I chatbot dotati di intelligenza artificiale sono diventati uno strumento indispensabile per molti utenti, che arrivano addirittura a realizzare modelli come ChatGPT o Copilota personali o sensibili, pensando che, grazie alla crittografia end-to-end, nessuno possa leggere le loro conversazioni. Ma un’indagine mostra che questi non sono così sicuri come sembrano e che gli hacker stanno addirittura possono accedere a queste chat con un’ottima precisione.
Come scoperto da Laboratorio di intelligenza artificiale offensivagli hacker possono leggere queste conversazioni attraverso un attacco a canale lateraleSi tratta di raccogliere informazioni dall’implementazione fisica di un sistema, compresi i dati sul consumo energetico, il tempo necessario al modello per elaborare i dati e persino le radiazioni elettromagnetiche prodotte in un determinato periodo. Queste informazioni vengono poi elaborate da un’intelligenza artificiale appositamente costruita che, in media, riesce a decifrare le conversazioni del 55% delle risposte acquisite da ChatGPT o Copilot. Il 29% delle volte vengono rivelate risposte con un’accuratezza completa delle parole.

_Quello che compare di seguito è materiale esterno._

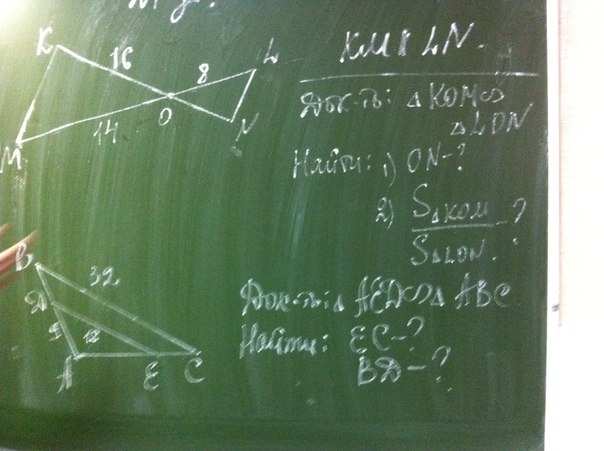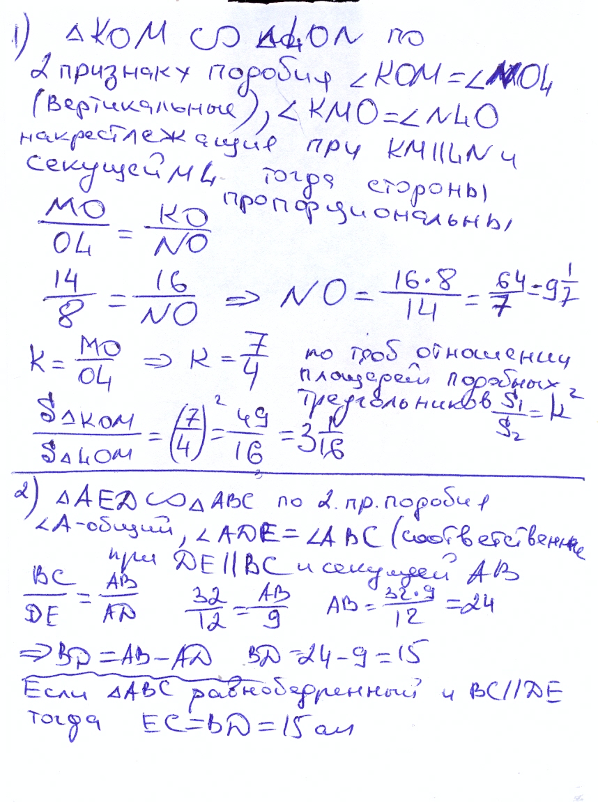 1) Треугольники подобны по первому признак подобия треугольников: Если угол одного треугольника равен углу другого, а стороны, образующие тот угол в одном треугольнике, пропорциональны соответствующим сторонам другого, то такие треугольники подобны.(угол КОМ=углу ЛОN, т.к. вертикальные)
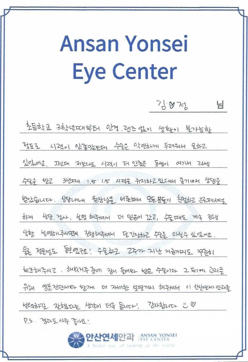 더 자세한 설명까지 해주셔서 이 안산연세안과를 선택하길 잘했다는 생각이 더욱 듭니다! 감사합니다^_^♡

Questo è dovuto al fatto che i modelli linguistici come ChatGPT generano e inviano risposte attraverso una serie di token che vengono trasmessi dal server all’utente. Questi sono crittografati end-to-end, ma gli aggressori utilizzano il canale laterale della lunghezza dei token a causa delle dimensioni dei pacchetti, che rivelano questa informazione.

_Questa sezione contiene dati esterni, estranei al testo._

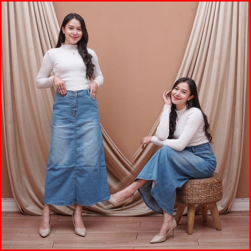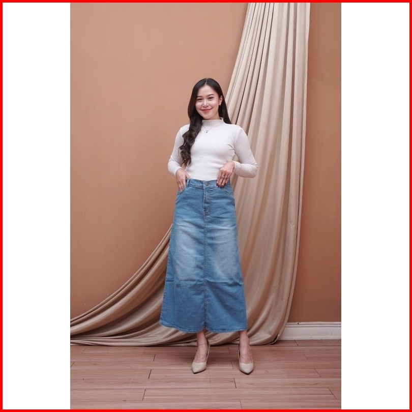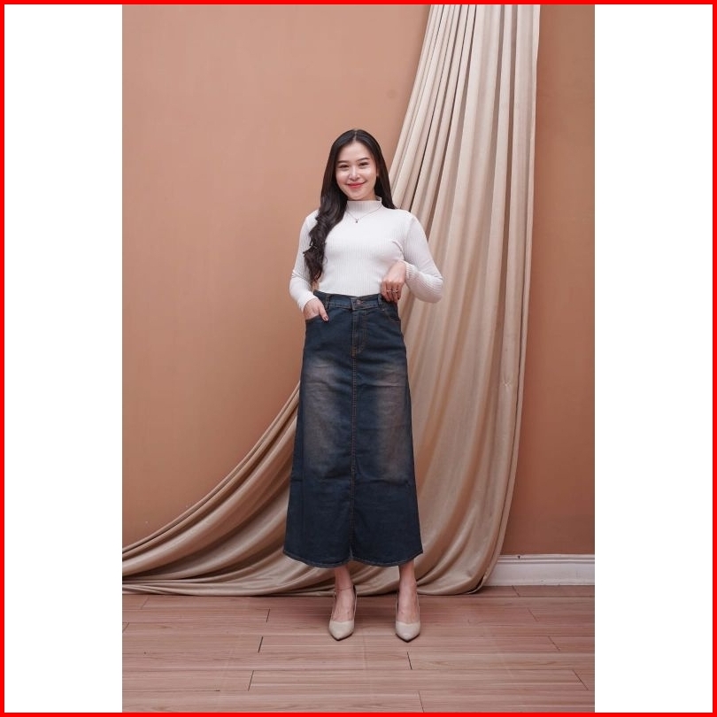 Rok Jeans Panjang Skirt Theana Rok Highwaist Wanita Terbaru . Rok Jeans Jumbo Korean Style
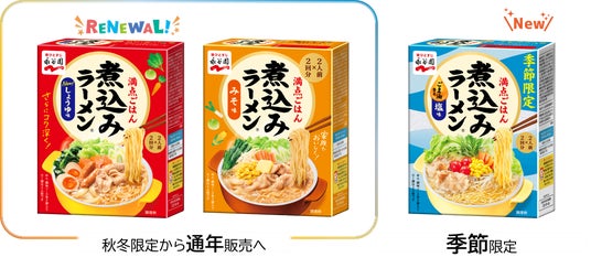 株式会社 永谷園(社長:掛谷 浩志、東京都港区)は、「寒くなった時の鍋の定番」としてご愛顧いただいている「煮込みラーメン しょうゆ味」「同 みそ味」を、季節を問わずお楽しみいただくために通年販売し、さらに季節ならではの味わいとして春夏季節限定メニュー「煮込みラーメン ごま油香る塩味」(希望小売価格・税抜各430円)を2026年3月2日(月)より新発売いたします。
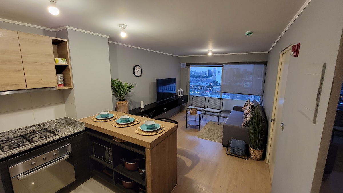 Disfruta de una estadía moderna y tranquila en un departamento con excelente luz natural, ideal para descansar o trabajar con total comodidad. Perfecto para quienes buscan una experiencia práctica, segura y sin estrés en la ciudad. Aquí encontrarás el equilibrio ideal entre funcionalidad, estilo y tranquilidad. Ubicado en un edificio moderno con excelentes áreas comunes, este espacio ha sido diseñado para ofrecerte comodidad, funcionalidad y un ambiente relajante desde el primer momento.
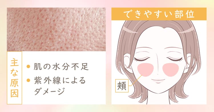 これは肌のターンオーバー(=肌が生まれ変わる周期)が乱れると、古い角質と皮脂が毛穴に溜まり「角栓」になるため。
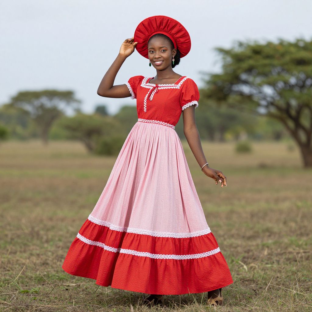 Sepedi Attire Woman Costume, woman in a red and pink dress and a red hat
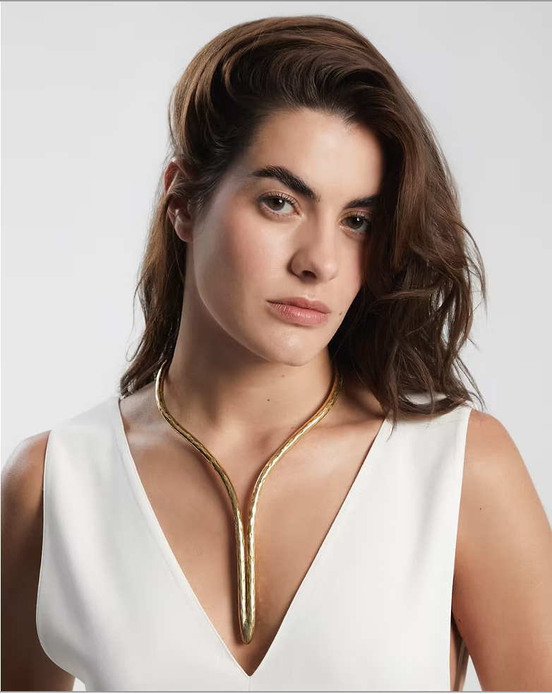 Diseño en forma de V Hecho en Latón Martelé a Mano. Largo 28 cm. Hecho en México.

Sembra che i principali chatbot, come ChatGPT o Copilot, che sono crittografati end-to-end, abbiano questo inconveniente. Solo Gemini, l’intelligenza artificiale di Google, si salva dalla possibilità che gli hacker siano in grado di accedere alle conversazioni attraverso l’attacco side-channel, afferma Laboratorio di intelligenza artificiale offensiva.
ChatGPT, Copilot e altri modelli di IA presentano lo stesso problema.

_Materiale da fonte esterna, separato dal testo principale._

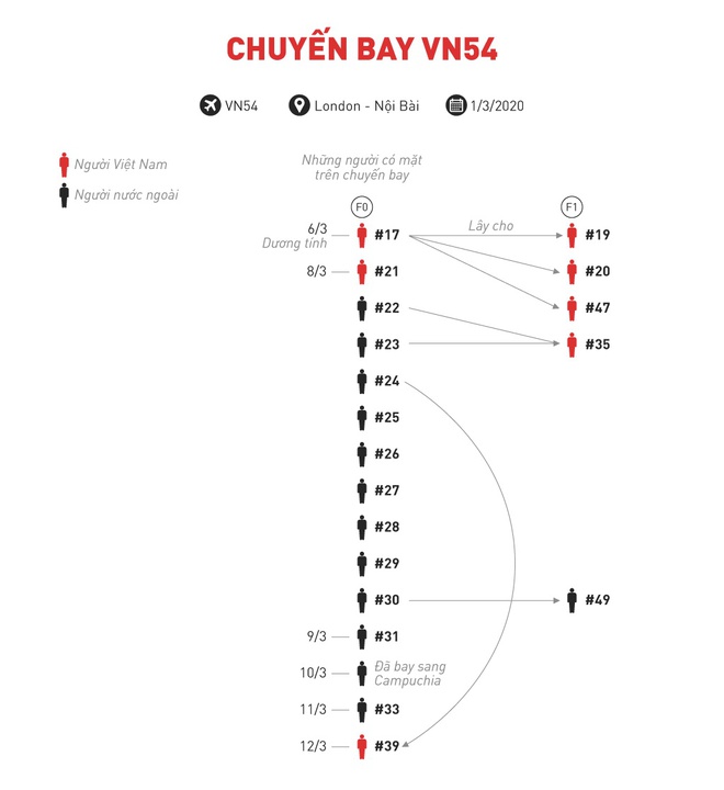 Đây là hành khách đi trên chuyến bay VN54 cùng bệnh nhân số 17 (trú ở Hà Nội) từ London về sân bay Nội Bài vào sáng 2/3. Hai du khách này ở lại Hà Nội 3 ngày, sau đó đi Hải Phòng bằng tàu du lịch trước khi quay lại sân bay Nội Bài.
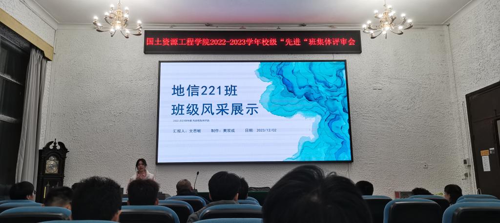 评审结果:矿加201以89.35分荣登榜首,土管221以88.26分获得第二名,地信221以88.09分获得第三名。最终矿加201、土管221、地信221、测绘221及测绘222作为2022-2023学年“校级先进班集体”的候选班级推荐到学校参加评选。

La società di ricerca sostiene che esiste un modo per impedire agli hacker di leggere le chat di IA come ChatGPT o Copilot. Si tratta di addestrare il modello eseguendo attacchi non formattati per migliorare la sua capacità di dedurre la sequenza di token.
L’approccio consiste nell’addestrare un LLM di ultima generazione a tradurre sequenze di token in frasi leggibili. Inoltre, fornendo all’LLM il contesto delle frasi inferite in precedenza, l’LLM può limitare ulteriormente le frasi possibili, riducendo così l’entropia coinvolta nell’inferenza di un intero paragrafo.
Laboratorio di intelligenza artificiale offensiva.
In ogni caso, e fino a quando OpenAI (ChatGPT) o Microsoft (Copilot) (per citare solo alcune aziende con chatbot di intelligenza artificiale) non troveranno una soluzione, questa scoperta comporta un serio problema di privacy per gli utenti che utilizzano questi modelli. Soprattutto se si considera che tendono a porre domande di natura personale e sensibile, come dubbi sull’interruzione di gravidanza, malattie, ecc.
Per il momento, l’unica cosa che gli utenti possono fare è non rivelare informazioni personali a chatbot come ChatGPT o Copilot. Molti di questi modelli, infatti, emettono un avviso simile la prima volta che viene aperta una finestra di chat.